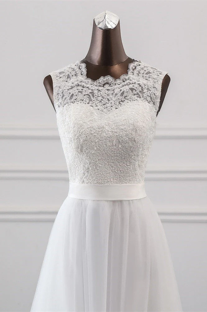 A-Line Jewel Neck Tulle Long Wedding Dress with Lace Appliques
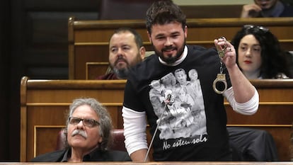 El diputado de ERC esgrime los grilletes: "Ustedes nos han molido a palos, nosotros les moleremos a votos", advierte al Gobierno antes de abandonar el hemiciclo
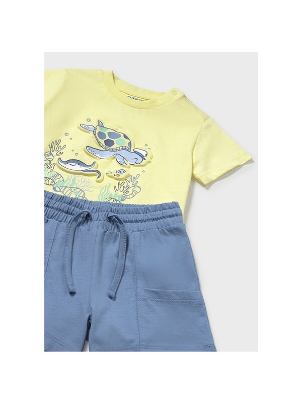 ✔ Tricou galben cu imprimeu cu animale marine – confectionat dintr-un material moale, tricoul aduce un strop de veselie si un plus de culoare in garderoba de vara a celui mic.
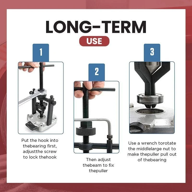Съемник подшипника используется в Удаление всех рукав типа подшипников с диаметром от 0,6 "до 1-1/2" (16 мм-38 мм).Конструкция конструкции,Мягко поворачивая маленький ключ может производить сильную силу тяги.
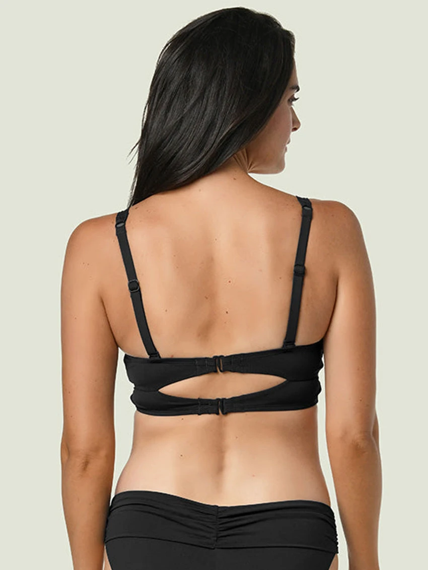 The Sophia Bikini Top features a surplice front with underwire and removeable cups for a supportive, flattering fit. The over the shoulder straps are adjustable with 2 back closures. Mix and match with endless bottoms as this is sure to become your go to black bikini.
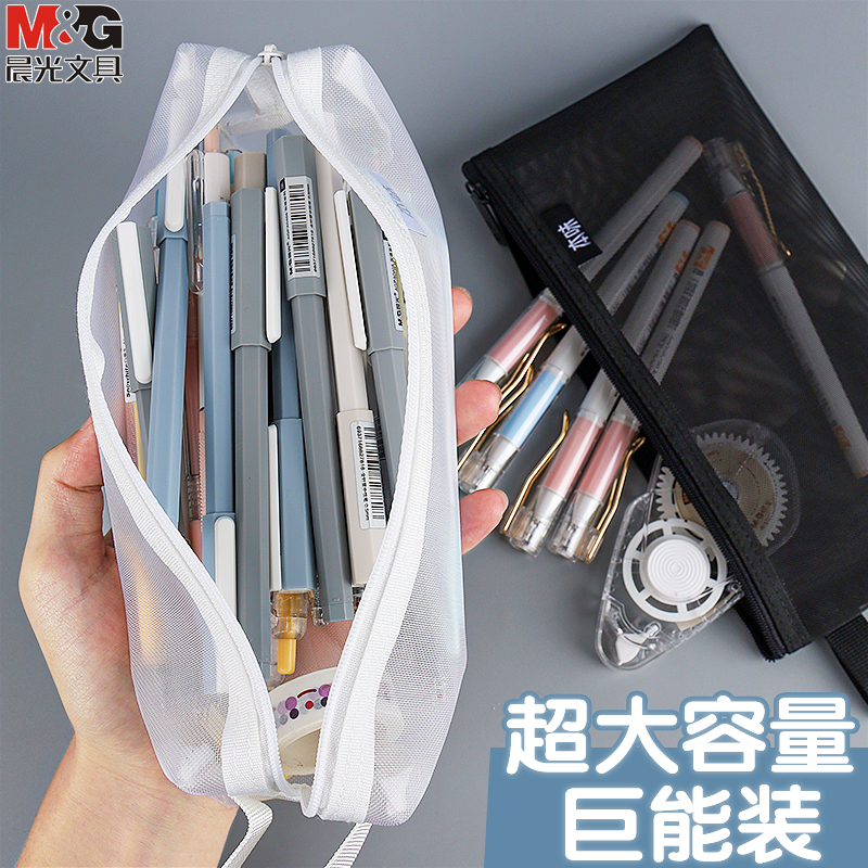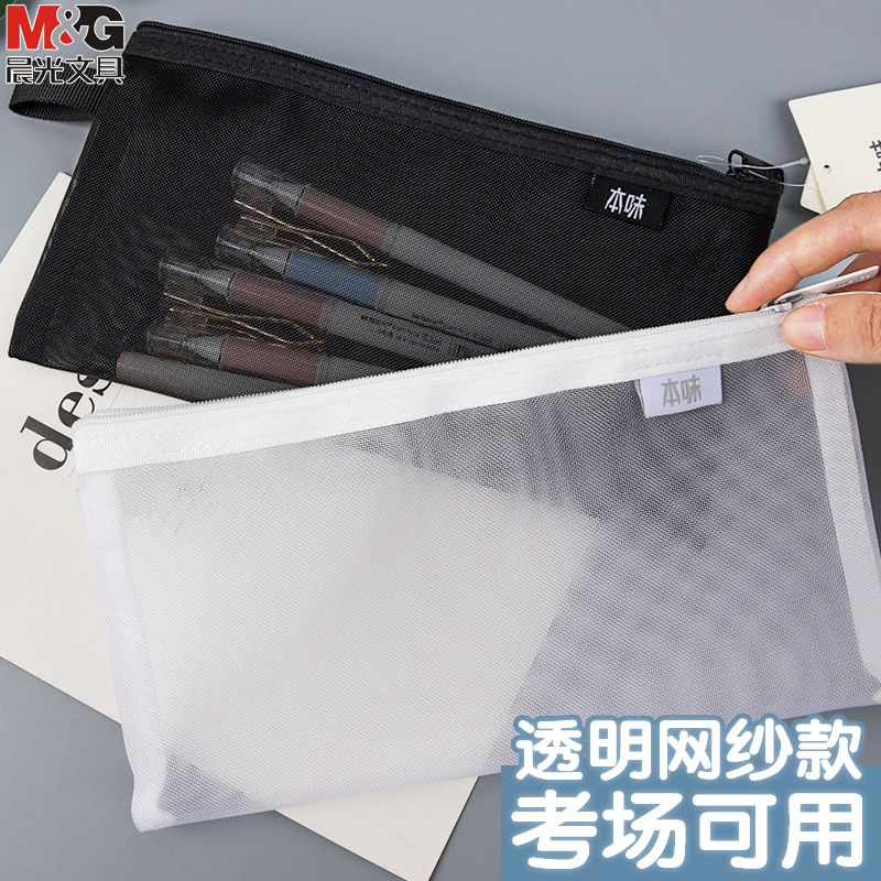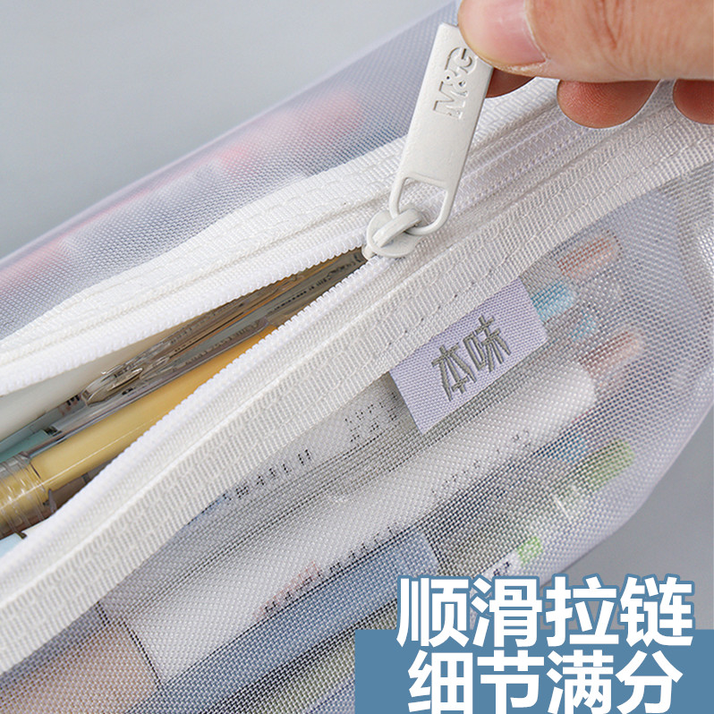 Morning light white minimalist transparent web yarn pen pouch ins day series high face value girl's version university girls grid stationery bag large capacity boys black pencil case exam special junior high school female pencil case
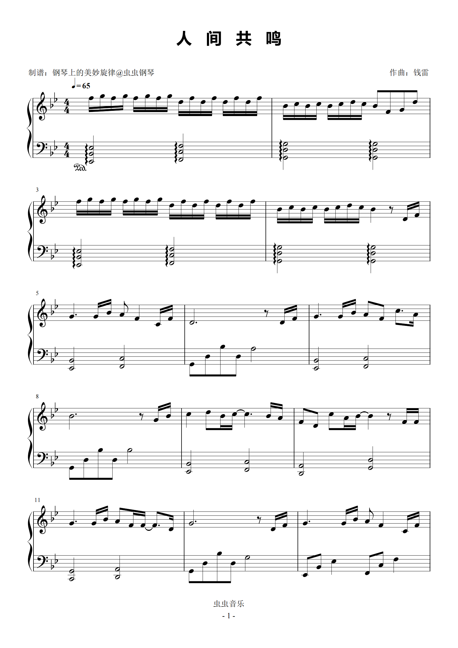 钢琴谱:人间共鸣 原调简易版 李健 2026年春晚歌曲
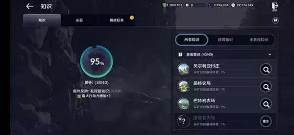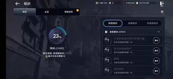 对游戏中地形、学问、生态、冒险、人物、头目方面的目标进行探索、收集,不同知识类别的获取方式也有所不同,有的知识通过击杀怪物获得,而有的知识只需要与人物对话就可以获得。只要达成目标,获得相对应的知识就能享有不同的增益效果加持。

TASK DESCRIPTION: Where an entry contains an image, skip the image and write out the rest exactly.

RESULT:
 A-Line Jewel Neck Tulle Long Wedding Dress with Lace Appliques
 El diputado de ERC esgrime los grilletes: "Ustedes nos han molido a palos, nosotros les moleremos a votos", advierte al Gobierno antes de abandonar el hemiciclo
 ✔ Tricou galben cu imprimeu cu animale marine – confectionat dintr-un material moale, tricoul aduce un strop de veselie si un plus de culoare in garderoba de vara a celui mic.
Съемник подшипника используется в Удаление всех рукав типа подшипников с диаметром от 0,6 "до 1-1/2" (16 мм-38 мм).Конструкция конструкции,Мягко поворачивая маленький ключ может производить сильную силу тяги.
 The Sophia Bikini Top features a surplice front with underwire and removeable cups for a supportive, flattering fit. The over the shoulder straps are adjustable with 2 back closures. Mix and match with endless bottoms as this is sure to become your go to black bikini.
 Morning light white minimalist transparent web yarn pen pouch ins day series high face value girl's version university girls grid stationery bag large capacity boys black pencil case exam special junior high school female pencil case
 钢琴谱:人间共鸣 原调简易版 李健 2026年春晚歌曲
 对游戏中地形、学问、生态、冒险、人物、头目方面的目标进行探索、收集,不同知识类别的获取方式也有所不同,有的知识通过击杀怪物获得,而有的知识只需要与人物对话就可以获得。只要达成目标,获得相对应的知识就能享有不同的增益效果加持。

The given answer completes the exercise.